Basta con la felicità a tutti i costi!

Siamo nell’epoca della dittatura della felicità? Sembrerebbe di sì, stando almeno al saggio di Edgar Cabanas e Eva Illuoz, Codice Edizioni, Torino, €20, intitolato “Happycracy, Come la scienza della felicità controlla le nostre vite”.

Sul tema ci siamo spesso soffermati (vedasi il nostro precedente articolo “Eccedere fa sempre male. Anche troppa felicità non fa bene”) e ci fa piacere che anche gli autori segnalino come la ricerca esasperata della felicità sia spinta da un meccanismo economico che ha solo scopi speculativi e si basa su principi neoliberisti secondo i quali la felicità individuale sostituisce il bene collettivo.

E di questo passo, è facile asserire che le condizioni che determinano la felicità, quali ricchezza o povertà, successo o fallimento, salute e malattia, dipendono esclusivamente dal singolo. (Si veda anche il nostro articolo, intitolato “Non sei ricco? E’ colpa tua, sei troppo pigro!”)

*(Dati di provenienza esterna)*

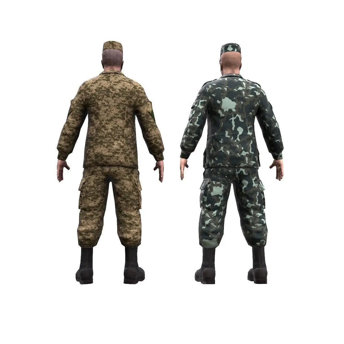 Ukrainian soldiers 2014 and 2017.The Ukrainian army had a 'Dubok' uniform in 2014. In the autumn, a new uniform 'Pixel' was introduced into the troops, which in 2017 is the base in the army.Two low poly characters. All in two characters - total a polys: 8419, total a verts: 7385. Rigged, CAT rigs.PBR-textures 2048x2048, color, normal, AO, metallic, roughness. For 3ds Max there is a color plus AO map (diffuse color).Used in the work 3ds Max, ZBrush, 3D-Coat, xNormal, Substance Painter, Photoshop.Rendering made with Marmoset Toolbag.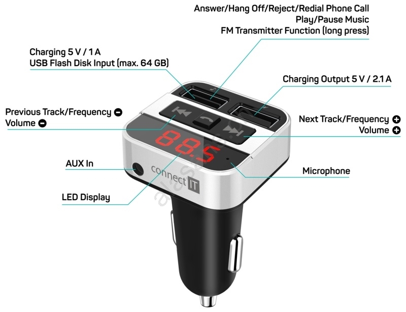 • FM-Transmitter, der drei Geräte in einem vereint – ein USB-Ladegerät mit zwei Anschlüssen, eine kabellose Bluetooth-Freisprecheinrichtung und einen Musikplayer.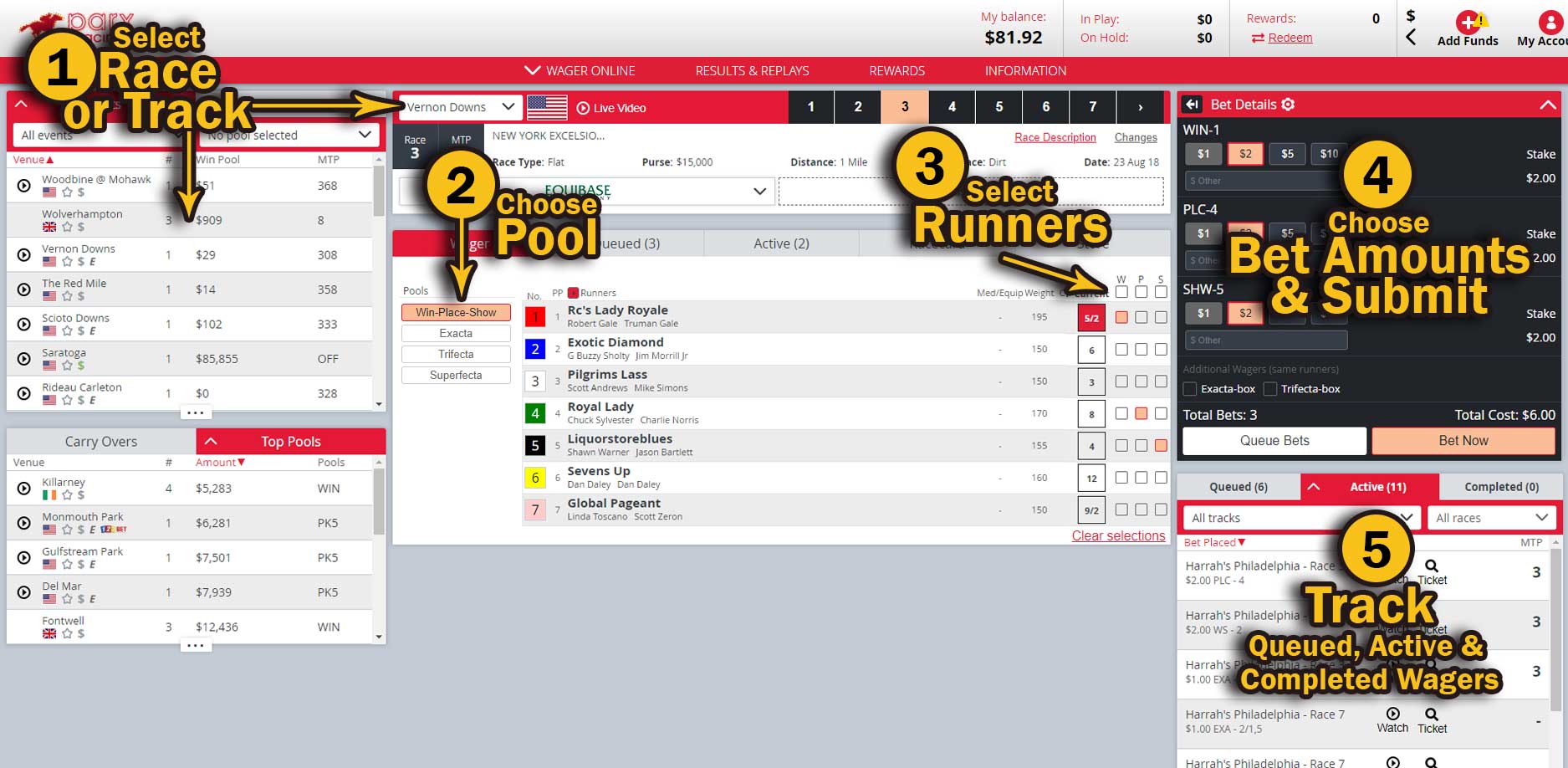 Select your race, choose your pool, select your runners, choose your wager amounts then place your wager. You can also queue wagers to be submitted later.

La felicità collettiva, insomma, secondo questa visione, non sarebbe altro che la somma delle felicità individuali. E’ il trionfo della società individualista e singolarista voluta dal capitalismo che crede che la realizzazione individuale delle persone dipenda esclusivamente dalla loro capacità di gestire i propri sentimenti, comportamenti ed emozioni, insieme, naturalmente, ai propri interessi.

E come abbiamo già scritto in precedenza, è ovvio che si giunga a questa drastica conclusione:

Le persone stressate, depresse, emarginate, sole, disoccupate, nostalgiche, ecc. se non hanno una vita più felice ed appagante è perché non ci provano abbastanza, non fanno della positività un’abitudine, o non sanno sfruttare al meglio le opportunità”.

Gli autori sostengono che è disumano – vale a dire contrario al senso di umanità – oltreché miope, infondato e ingiusto, attribuire all’individuo la responsabilità delle sue sventure o della sua incapacità di farcela.

Da parte nostra, ci chiediamo: è proprio impossibile pensare a una felicità che nasca dall’esperienza di stare insieme, di condividere, di partecipare in uno spazio di libertà nel quale possa prevalere il senso dell’uguaglianza e della democrazia?